» **Exercise description**: Total the lines of the entries below that hold the string "exterior", then write only that total.

Records contained in a dataset
=== Section Start ===
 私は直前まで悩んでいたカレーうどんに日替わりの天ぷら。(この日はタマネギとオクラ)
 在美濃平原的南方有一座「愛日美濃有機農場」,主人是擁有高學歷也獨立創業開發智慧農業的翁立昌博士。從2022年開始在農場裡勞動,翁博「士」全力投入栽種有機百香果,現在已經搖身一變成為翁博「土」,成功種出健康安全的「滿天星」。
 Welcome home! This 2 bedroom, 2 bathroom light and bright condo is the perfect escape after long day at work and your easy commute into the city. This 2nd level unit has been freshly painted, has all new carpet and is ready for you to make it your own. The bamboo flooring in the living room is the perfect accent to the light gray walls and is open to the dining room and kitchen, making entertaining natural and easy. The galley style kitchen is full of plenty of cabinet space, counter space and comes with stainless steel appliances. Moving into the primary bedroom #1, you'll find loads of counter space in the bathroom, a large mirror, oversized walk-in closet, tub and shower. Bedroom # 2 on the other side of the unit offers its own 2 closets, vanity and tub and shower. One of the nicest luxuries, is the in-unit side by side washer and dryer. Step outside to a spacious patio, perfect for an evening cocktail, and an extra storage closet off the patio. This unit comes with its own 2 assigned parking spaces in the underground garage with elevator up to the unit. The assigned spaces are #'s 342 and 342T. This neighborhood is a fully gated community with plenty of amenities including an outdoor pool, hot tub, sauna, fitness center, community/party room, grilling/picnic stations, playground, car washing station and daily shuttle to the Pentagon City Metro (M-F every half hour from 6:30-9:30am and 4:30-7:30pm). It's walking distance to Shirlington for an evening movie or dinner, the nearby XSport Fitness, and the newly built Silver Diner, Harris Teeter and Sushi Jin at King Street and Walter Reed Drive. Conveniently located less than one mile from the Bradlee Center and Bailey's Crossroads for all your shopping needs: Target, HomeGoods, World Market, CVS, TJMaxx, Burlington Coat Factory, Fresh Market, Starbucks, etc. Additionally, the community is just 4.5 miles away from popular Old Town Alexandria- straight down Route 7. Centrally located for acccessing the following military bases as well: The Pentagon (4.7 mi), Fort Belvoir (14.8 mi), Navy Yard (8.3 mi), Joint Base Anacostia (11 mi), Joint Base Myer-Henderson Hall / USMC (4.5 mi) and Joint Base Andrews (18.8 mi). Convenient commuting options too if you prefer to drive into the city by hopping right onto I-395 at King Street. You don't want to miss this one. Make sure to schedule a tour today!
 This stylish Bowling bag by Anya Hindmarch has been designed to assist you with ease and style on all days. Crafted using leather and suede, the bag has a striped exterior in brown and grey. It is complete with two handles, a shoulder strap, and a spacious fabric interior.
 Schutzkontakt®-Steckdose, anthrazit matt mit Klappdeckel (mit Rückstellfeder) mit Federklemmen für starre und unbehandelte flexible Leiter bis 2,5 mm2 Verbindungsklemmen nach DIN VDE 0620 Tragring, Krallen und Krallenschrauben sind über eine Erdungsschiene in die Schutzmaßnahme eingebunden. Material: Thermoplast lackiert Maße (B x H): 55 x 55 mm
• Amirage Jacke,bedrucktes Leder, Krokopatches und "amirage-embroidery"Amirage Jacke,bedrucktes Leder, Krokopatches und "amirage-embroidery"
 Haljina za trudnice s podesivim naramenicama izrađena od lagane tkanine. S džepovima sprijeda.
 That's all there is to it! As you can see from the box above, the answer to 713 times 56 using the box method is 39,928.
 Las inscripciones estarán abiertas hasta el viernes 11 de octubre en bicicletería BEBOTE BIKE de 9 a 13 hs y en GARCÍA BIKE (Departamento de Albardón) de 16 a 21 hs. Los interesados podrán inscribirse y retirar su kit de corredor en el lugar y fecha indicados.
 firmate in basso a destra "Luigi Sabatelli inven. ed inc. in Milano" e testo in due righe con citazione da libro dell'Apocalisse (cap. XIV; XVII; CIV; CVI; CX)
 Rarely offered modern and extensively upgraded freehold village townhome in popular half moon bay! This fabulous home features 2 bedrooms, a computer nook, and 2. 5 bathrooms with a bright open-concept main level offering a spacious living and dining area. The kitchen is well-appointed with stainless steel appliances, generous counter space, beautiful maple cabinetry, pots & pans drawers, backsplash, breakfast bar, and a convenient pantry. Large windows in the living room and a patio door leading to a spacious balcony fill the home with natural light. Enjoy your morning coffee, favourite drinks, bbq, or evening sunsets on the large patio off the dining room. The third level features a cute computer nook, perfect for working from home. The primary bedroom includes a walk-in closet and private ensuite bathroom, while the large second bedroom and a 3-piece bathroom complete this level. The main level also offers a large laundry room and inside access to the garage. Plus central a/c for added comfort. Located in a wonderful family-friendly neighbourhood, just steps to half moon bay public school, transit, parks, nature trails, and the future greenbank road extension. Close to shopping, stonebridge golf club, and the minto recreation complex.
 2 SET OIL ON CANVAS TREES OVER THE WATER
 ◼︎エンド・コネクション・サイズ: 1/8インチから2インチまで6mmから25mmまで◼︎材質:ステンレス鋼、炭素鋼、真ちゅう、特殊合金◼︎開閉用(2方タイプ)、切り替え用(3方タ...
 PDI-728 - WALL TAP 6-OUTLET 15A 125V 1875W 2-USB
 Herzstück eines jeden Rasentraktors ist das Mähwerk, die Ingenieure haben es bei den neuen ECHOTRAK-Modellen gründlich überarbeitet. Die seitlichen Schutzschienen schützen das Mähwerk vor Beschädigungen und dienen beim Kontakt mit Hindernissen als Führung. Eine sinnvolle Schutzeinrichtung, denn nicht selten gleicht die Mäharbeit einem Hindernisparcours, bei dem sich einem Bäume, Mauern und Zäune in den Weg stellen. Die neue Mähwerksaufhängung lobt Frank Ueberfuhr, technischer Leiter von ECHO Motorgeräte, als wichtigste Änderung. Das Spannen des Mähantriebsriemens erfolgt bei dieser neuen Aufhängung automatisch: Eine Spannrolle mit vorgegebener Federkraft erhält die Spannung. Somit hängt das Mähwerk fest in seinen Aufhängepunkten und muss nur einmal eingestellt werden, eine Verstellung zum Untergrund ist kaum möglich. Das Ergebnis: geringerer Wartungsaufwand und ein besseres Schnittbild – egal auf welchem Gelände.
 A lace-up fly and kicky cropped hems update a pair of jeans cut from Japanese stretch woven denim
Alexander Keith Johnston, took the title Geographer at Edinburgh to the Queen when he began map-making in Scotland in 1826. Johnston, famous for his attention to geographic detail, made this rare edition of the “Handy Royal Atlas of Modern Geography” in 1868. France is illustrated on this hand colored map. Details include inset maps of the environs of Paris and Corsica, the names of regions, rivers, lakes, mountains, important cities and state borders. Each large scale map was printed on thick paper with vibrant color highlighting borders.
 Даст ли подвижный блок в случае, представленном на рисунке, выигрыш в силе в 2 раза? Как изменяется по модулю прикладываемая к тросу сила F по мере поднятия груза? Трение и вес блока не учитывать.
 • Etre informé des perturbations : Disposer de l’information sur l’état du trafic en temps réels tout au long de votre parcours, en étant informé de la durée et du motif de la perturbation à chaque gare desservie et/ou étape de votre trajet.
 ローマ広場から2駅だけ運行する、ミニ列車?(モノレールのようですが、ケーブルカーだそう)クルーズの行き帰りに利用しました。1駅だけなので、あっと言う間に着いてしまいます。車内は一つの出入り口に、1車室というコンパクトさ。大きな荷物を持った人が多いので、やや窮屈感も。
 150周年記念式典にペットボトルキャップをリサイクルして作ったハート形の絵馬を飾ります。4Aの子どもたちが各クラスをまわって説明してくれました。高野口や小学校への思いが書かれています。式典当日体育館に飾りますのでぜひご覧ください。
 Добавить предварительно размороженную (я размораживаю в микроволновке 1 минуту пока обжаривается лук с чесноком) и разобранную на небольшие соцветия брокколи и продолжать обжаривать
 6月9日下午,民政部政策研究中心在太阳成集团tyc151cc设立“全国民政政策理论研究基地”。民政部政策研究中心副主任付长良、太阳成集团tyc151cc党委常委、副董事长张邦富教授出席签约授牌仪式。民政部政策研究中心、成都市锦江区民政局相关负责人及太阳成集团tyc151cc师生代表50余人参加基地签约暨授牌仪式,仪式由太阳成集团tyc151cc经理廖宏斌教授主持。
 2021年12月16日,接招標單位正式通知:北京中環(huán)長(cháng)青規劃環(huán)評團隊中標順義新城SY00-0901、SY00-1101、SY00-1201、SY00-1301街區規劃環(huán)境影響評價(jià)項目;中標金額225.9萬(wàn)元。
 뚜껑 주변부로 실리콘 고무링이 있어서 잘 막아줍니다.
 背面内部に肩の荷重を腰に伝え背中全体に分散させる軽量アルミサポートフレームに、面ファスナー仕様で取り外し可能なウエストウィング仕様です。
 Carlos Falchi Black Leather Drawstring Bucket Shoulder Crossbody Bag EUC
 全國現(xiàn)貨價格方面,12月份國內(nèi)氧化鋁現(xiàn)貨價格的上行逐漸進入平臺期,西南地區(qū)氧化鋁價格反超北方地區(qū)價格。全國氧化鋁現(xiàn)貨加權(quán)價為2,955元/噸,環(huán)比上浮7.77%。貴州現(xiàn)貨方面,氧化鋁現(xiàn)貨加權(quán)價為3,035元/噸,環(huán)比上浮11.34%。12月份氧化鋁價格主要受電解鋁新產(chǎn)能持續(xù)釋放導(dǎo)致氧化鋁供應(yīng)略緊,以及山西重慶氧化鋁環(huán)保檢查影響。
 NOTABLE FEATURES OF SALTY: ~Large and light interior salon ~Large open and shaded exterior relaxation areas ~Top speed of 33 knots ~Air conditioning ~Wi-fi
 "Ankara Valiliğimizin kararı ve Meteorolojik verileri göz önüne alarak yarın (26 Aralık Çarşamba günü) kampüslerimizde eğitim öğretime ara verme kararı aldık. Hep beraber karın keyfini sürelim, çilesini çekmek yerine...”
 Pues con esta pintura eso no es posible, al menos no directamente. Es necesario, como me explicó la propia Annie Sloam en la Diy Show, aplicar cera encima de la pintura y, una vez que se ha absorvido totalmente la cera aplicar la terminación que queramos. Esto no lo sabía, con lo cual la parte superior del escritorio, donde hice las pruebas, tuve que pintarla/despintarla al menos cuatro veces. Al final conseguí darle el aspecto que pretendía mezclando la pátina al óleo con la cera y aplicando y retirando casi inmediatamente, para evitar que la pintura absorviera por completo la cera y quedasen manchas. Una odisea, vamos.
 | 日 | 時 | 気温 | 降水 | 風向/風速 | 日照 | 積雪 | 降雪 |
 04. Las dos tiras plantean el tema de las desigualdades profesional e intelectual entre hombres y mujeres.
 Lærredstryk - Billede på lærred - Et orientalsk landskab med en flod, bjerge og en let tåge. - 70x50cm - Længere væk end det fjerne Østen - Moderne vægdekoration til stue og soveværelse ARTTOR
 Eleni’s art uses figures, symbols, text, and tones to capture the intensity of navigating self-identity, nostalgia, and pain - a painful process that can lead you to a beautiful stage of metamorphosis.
=== Section End ===
» **Final answer**: 2